Exercise material:
⁂

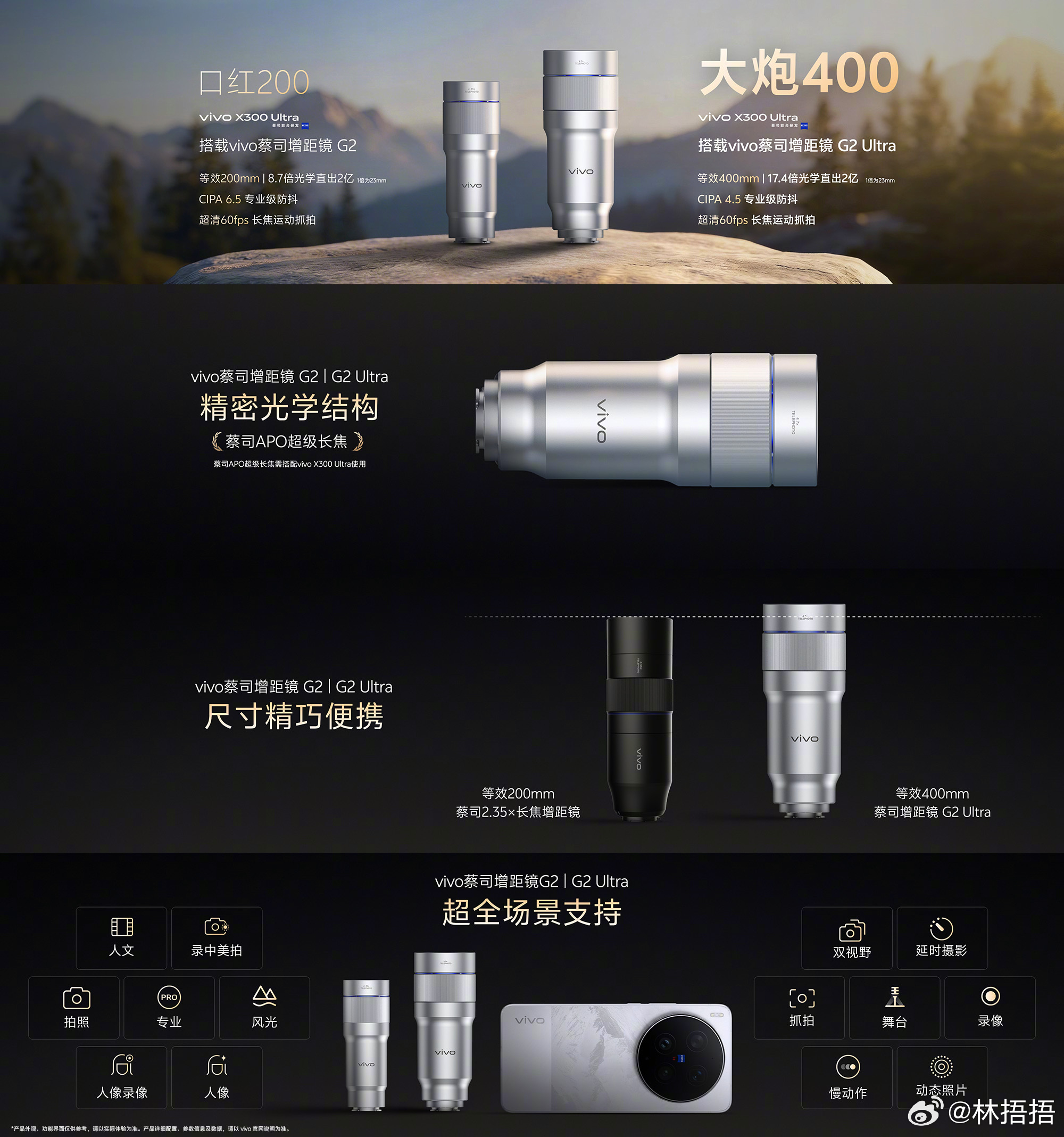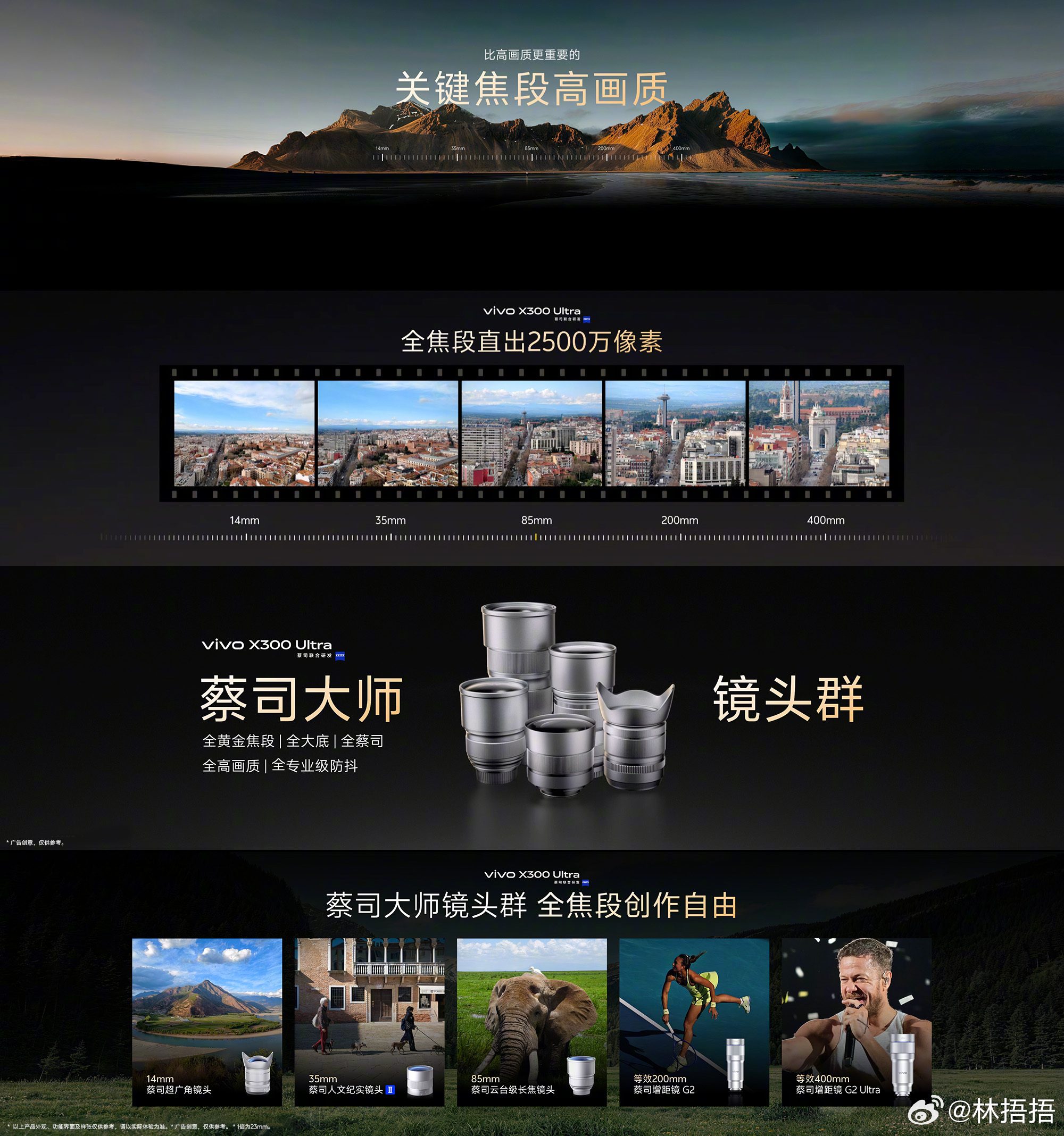 vivo X300 UItra蔡司大师镜头群:14mm蔡司超广角镜头,1/1.28英寸超大底,CIPA 6.0专业级防抖。35mm蔡司人文纪实镜头II,蓝图×索尼LYTIA 901,1/1.12英寸超大底,原生35mm光学直出;镀膜全面升级,搭配1G 6P镀膜。85mm蔡司云台级长焦镜头,蓝图×三星HP0,支持3° OIS光学防抖(CIPA 7.0级)。蔡司增距镜 G2 Ultra|等效400mm蔡司增距镜 G2 Ultra,2组15片精密光学结构,5片超低色散玻璃+1片玻璃非球面镜片。蔡司增距镜 G2|等效200mm蔡司增距镜 G2,约8.7倍光学直出2亿像素,叠加85mm镜头3°OIS光学防抖,实现CIPA6.5。久违的东西:全焦段直出2500万像素|从14mm到400mm,全焦段直出2500万像素。vivo X300 Ultra专业V单
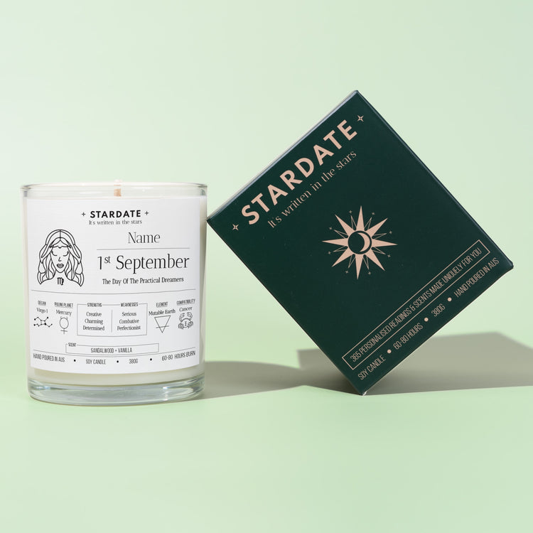 Personalised candles based on your birthdate. Astrology, tarot and numerology readings are uniquely written for 365 days of the year, including for your Virgo zodiac. These are the best personalised gifts for those born between August 23 - September 22 with a Virgo star sign.
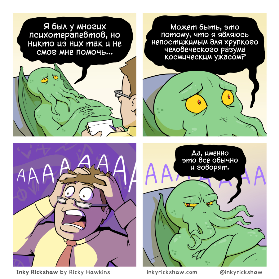 Сложно отрицать, что любое художественное произведение в той или иной мере отражает личность автора. Это работает даже в том случае, если речь идет даже о таком коротком формате, как юмористические веб-комиксы: авторы могут рисовать сюжеты о самих себе или просто вдохновляться собственными хобби и увлечениями. К примеру, герой сегодняшней статья явно тяготеет к настольным ролевым играм и мифическим и сказочным историям, что отлично видно по его работам, в которых читатели могут встретить персонажей вроде Ктулху или Красной Шапочки. Надеюсь, что эти комиксы вам понравятся! Inky Rickshaw (англ. «Чернильная рикша») - это серия юмористических веб-комиксов, созданная британским художником Рики Хокинсом (Ricky Hawkins). Проект стартовал в 2018 году, новые выпуски по сей день выходят каждую неделю - за их появлением можно следить в соцсетях (легко найти по нику inkyrickshaw), а также на официальном сайте серии. Как признается художник, в заголовке Inky Rickshaw нет какого-то особого смысла:
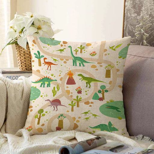 Tüm ayrıntıları görüntüleDinozor Desenli Oyun Yolları Tasarımlı Çocuk & Genç Odası Modern Yastık Kırlent Kılıfı
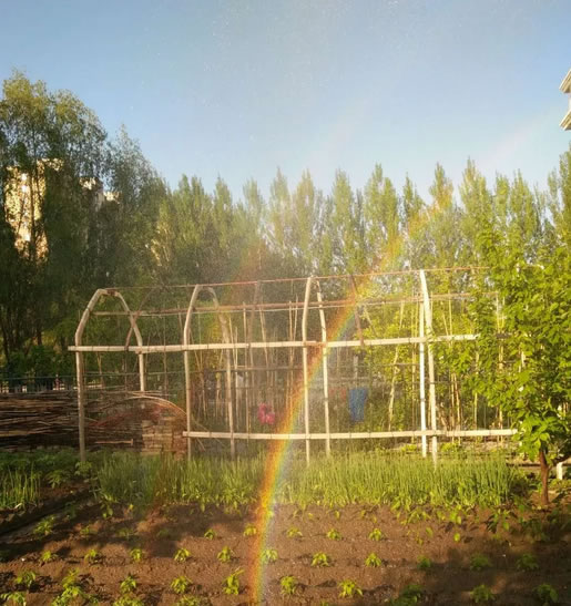 滕立坤是菜園主人,退休后以侍弄樓前5分小菜園為樂(lè)趣。由于連日高溫干旱,5月30日6時(shí)許,他在自家水井上按泵通電,將水管連接起噴頭綁在竹竿子上,在菜園子的上空高高豎起,開始噴水澆園抗旱,出乎預(yù)料的是在陽(yáng)光的照射下,水霧中驚奇般的出現(xiàn)了一道亮麗的風(fēng)景線。我趕緊用手機(jī)記錄下了那精彩的瞬間,吸引了數(shù)十名晨練的人們駐足觀看。

⁂

Problem details:
Only an exact copy of the lines from the one with "Tüm ayrıntıları görüntüleDinozor" through the last line of the listing should be given; pictures must not be included.

Task output:
 Tüm ayrıntıları görüntüleDinozor Desenli Oyun Yolları Tasarımlı Çocuk & Genç Odası Modern Yastık Kırlent Kılıfı
 滕立坤是菜園主人,退休后以侍弄樓前5分小菜園為樂(lè)趣。由于連日高溫干旱,5月30日6時(shí)許,他在自家水井上按泵通電,將水管連接起噴頭綁在竹竿子上,在菜園子的上空高高豎起,開始噴水澆園抗旱,出乎預(yù)料的是在陽(yáng)光的照射下,水霧中驚奇般的出現(xiàn)了一道亮麗的風(fēng)景線。我趕緊用手機(jī)記錄下了那精彩的瞬間,吸引了數(shù)十名晨練的人們駐足觀看。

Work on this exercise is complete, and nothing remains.